Jon Bon Jovi. Diesen Mann müssen sich die Häftlinge in Zürich anhören. Bild: Jesus Aranguren/Invision/AP/Invision

Polizei in Zürich beschallt Häftlinge mit Rockmusik 



Die Zellen auf dem Posten der Kantonspolizei am Hauptbahnhof in Zürich liegen direkt nebeneinander. Deshalb können die Insassen mit einander kommunizieren; durch klopfen oder zurufen. Um dies zu unterbinden, setzt die Polizei Musik ein. So verhindere man die Verdunkelungsgefahr. 

Das passte einem Häftling nicht. Er beschwerte sich, weil er mit einem Rocksong von Jon Bon Jovi beschallt wurde. Dies berichtet der «Tages-Anzeiger». Er fühle sich wie in einem Foltergefängnis. 

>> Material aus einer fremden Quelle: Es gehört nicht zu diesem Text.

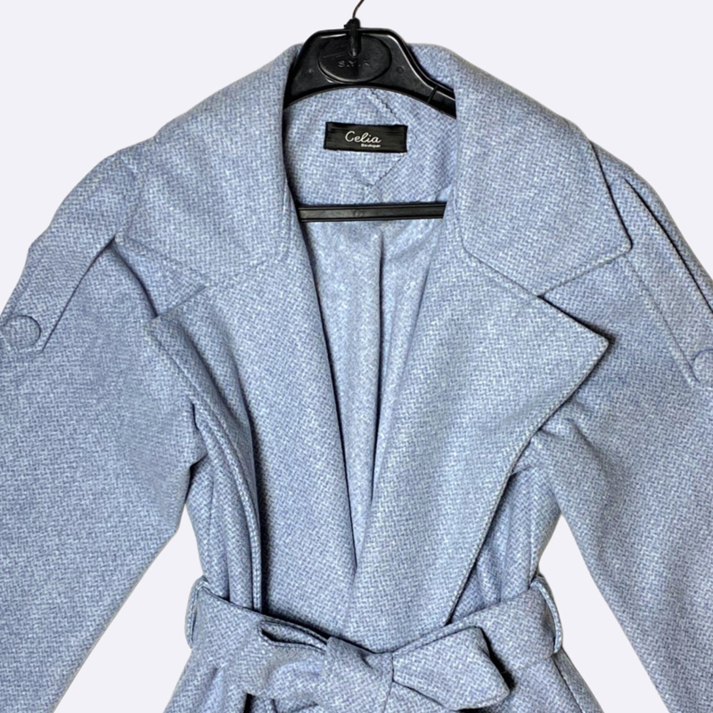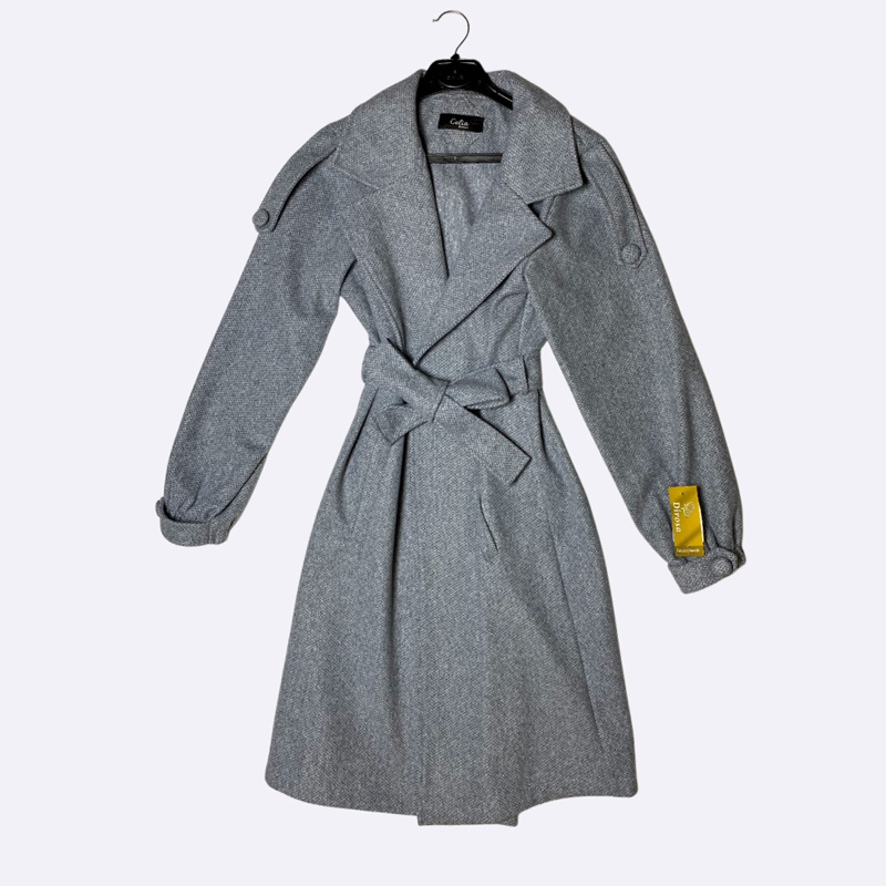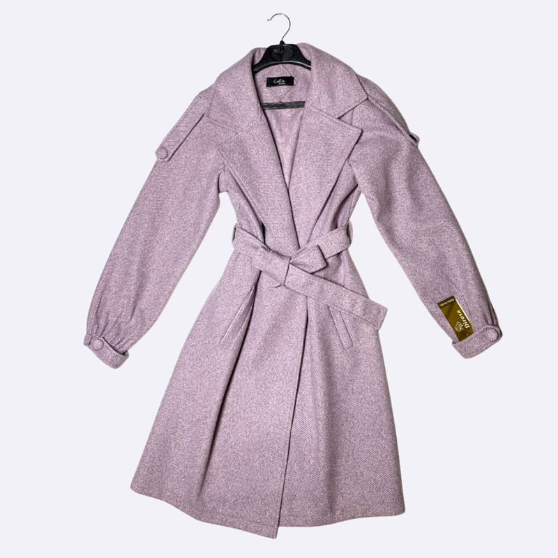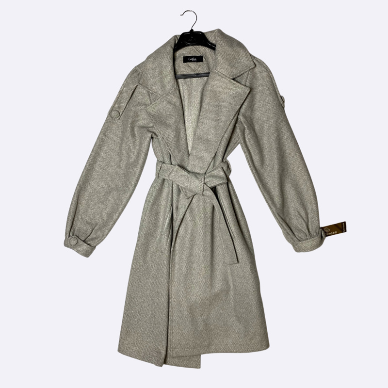 معطف شتوي بلف دافئ بطول متوسط. يتميز بغطاء رأس كبير وواسع وأكمام ذات نهاية مزمومة. يغلق بحزام خصر قماشي، وله قصة واسعة من الأسفل.

Rechtsanwalt Philip Stolkin sagt gemäss dem Artikel, er finde diese Praxis grenzwertig. Es gebe ein Recht auf Schlaf und Ruhe in der Zelle. Es gehe durchaus Richtung unmenschlicher Behandlung, wenn man permanent mit lauter Musik beschallt werde. 

Umfrage

Findest du die Praxis der Polizei in Ordnung?

  • Abstimmen

826

  • Auf jeden Fall. Das tut den Häftlingen nicht weh. 32%
  • Das geht gar nicht. Die Häftlinge haben ein Recht auf Ruhe. 67%

Die Kantonspolizei bestätigte die Praxis. Kapo-Sprecher Beat Jost sagte der Zeitung, die Musik sei nicht besonders laut. Es handle sich neutrale Alltagsmusik. 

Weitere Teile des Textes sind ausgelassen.